▸ Exercise
Copy the records below exactly, omitting any pictures they contain.

▸ Data items
· · · · · · ·
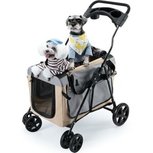 SKISOPGO ペットカート 分離型 犬用ベビーカー いぬ用 バギー 折りたたみ式 ペットバギー 前輪360°回転 後輪ブレーキ付き 組み立てビデオ 耐荷重20Kg 小型犬 中型犬 (カーキ)ブランド:...
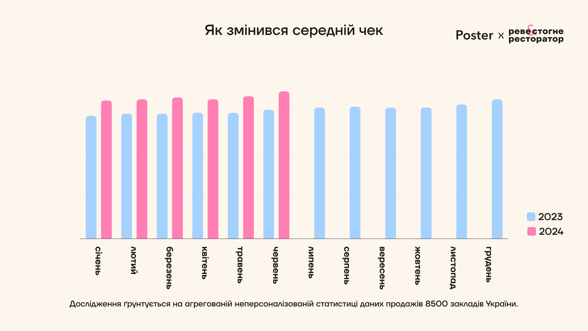 Середній чек закладів громадського харчування зріс на 13% до 148 грн в I півріччі 2024 року у порівнянні з I півріччям 2023 року внаслідок підняття цін. Про в дослідженні української компанії з автоматизації закладів Poster
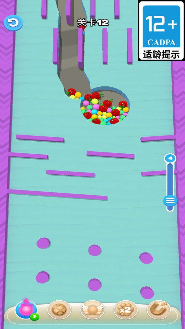 3.各种道具:游戏提供了多种道具,包括加速道具、减速道具、盾牌道具。根据实际情况,玩家可以使用各种道具更快地收集球或应对障碍物。
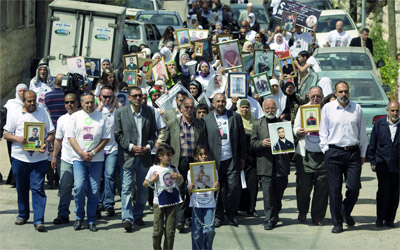 فلسطينيون خلال تظاهرة في القدس المحتلة تطالب بإطلاق الأسرى. أ.ف.ب
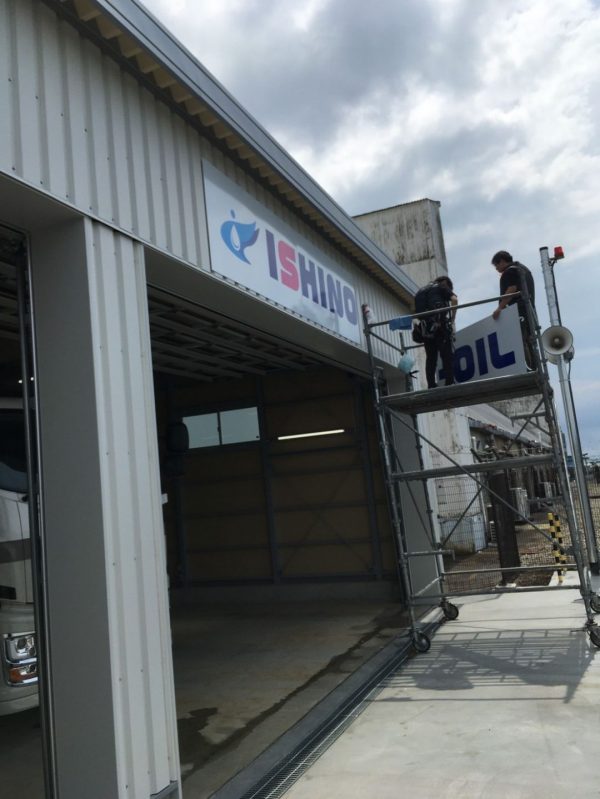 「ISHINO OIL」の看板を付けたら、工事完了です(完成後の写真は次回掲載します。ギリギリ間に合いませんでした)。
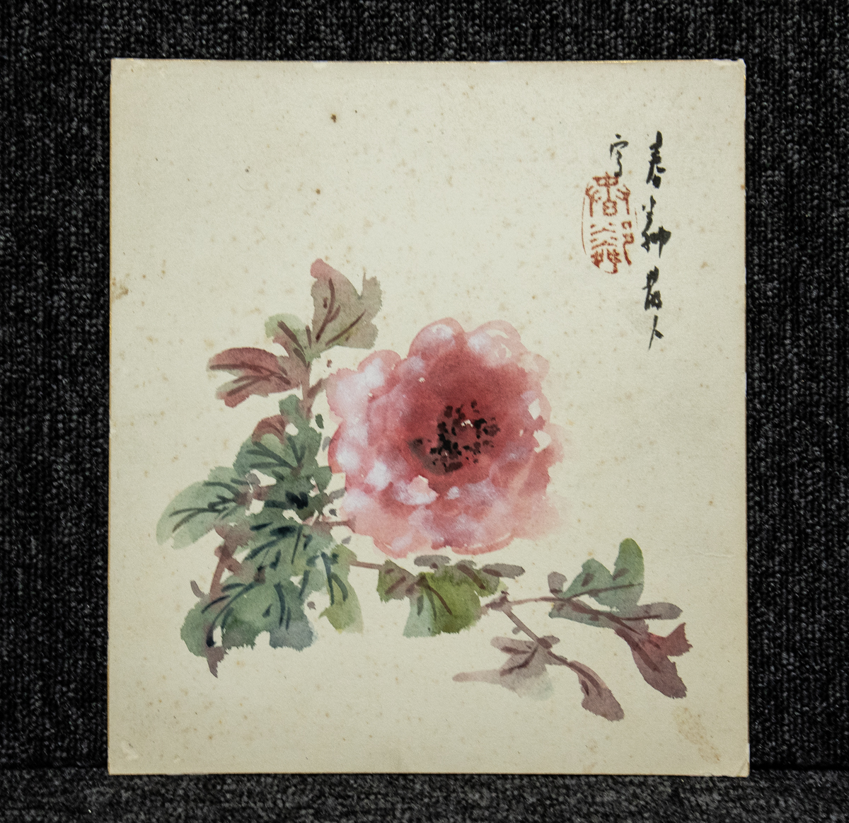 - 色紙ー1757 鷲見春鄰 牡丹 四条派の画家 名古屋 鷲見春岳の三男 名は広治【真作】
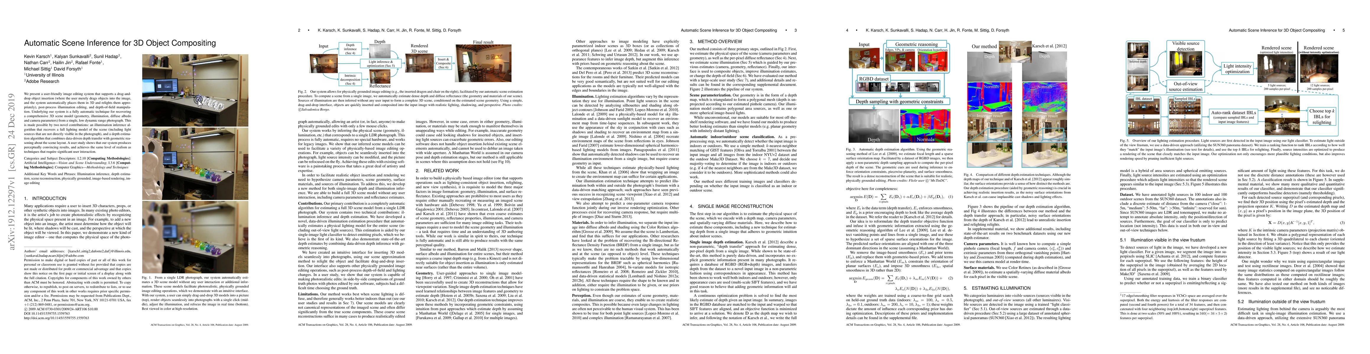 The research presents a system for automatic scene inference for 3D object compositing, utilizing a single low dynamic range photograph to recover a comprehensive 3D scene model, including geometry, illumination, diffuse albedo, and camera parameters. This is achieved through novel contributions: an illumination inference algorithm and a depth estimation algorithm combining data-driven depth transfer with geometric reasoning.
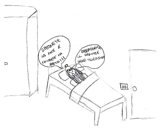 Female, 14 years old. Migraine. The girl writes turn off the lights (photophobia) and turn down the noise (sonophobia). In the first balloon the child says “Turn off the light and close the door” and in the second balloon says “turn down the volume of the television”.
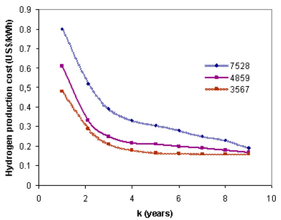 where: —hydrogen production costs (US$/kWh), —profitability ratio (1/years), —investment costs in hydrogen production equipment, —equivalent installation lifetime (h/year), —hydrogen flow rate, kg/s; and —maintenance and operating costs (US$/kWh).
· · · · · · ·
▸ Solution to this exercise
 SKISOPGO ペットカート 分離型 犬用ベビーカー いぬ用 バギー 折りたたみ式 ペットバギー 前輪360°回転 後輪ブレーキ付き 組み立てビデオ 耐荷重20Kg 小型犬 中型犬 (カーキ)ブランド:...
 Середній чек закладів громадського харчування зріс на 13% до 148 грн в I півріччі 2024 року у порівнянні з I півріччям 2023 року внаслідок підняття цін. Про в дослідженні української компанії з автоматизації закладів Poster
 3.各种道具:游戏提供了多种道具,包括加速道具、减速道具、盾牌道具。根据实际情况,玩家可以使用各种道具更快地收集球或应对障碍物。
 فلسطينيون خلال تظاهرة في القدس المحتلة تطالب بإطلاق الأسرى. أ.ف.ب
 「ISHINO OIL」の看板を付けたら、工事完了です(完成後の写真は次回掲載します。ギリギリ間に合いませんでした)。
 - 色紙ー1757 鷲見春鄰 牡丹 四条派の画家 名古屋 鷲見春岳の三男 名は広治【真作】
 The research presents a system for automatic scene inference for 3D object compositing, utilizing a single low dynamic range photograph to recover a comprehensive 3D scene model, including geometry, illumination, diffuse albedo, and camera parameters. This is achieved through novel contributions: an illumination inference algorithm and a depth estimation algorithm combining data-driven depth transfer with geometric reasoning.
 Female, 14 years old. Migraine. The girl writes turn off the lights (photophobia) and turn down the noise (sonophobia). In the first balloon the child says “Turn off the light and close the door” and in the second balloon says “turn down the volume of the television”.
 where: —hydrogen production costs (US$/kWh), —profitability ratio (1/years), —investment costs in hydrogen production equipment, —equivalent installation lifetime (h/year), —hydrogen flow rate, kg/s; and —maintenance and operating costs (US$/kWh).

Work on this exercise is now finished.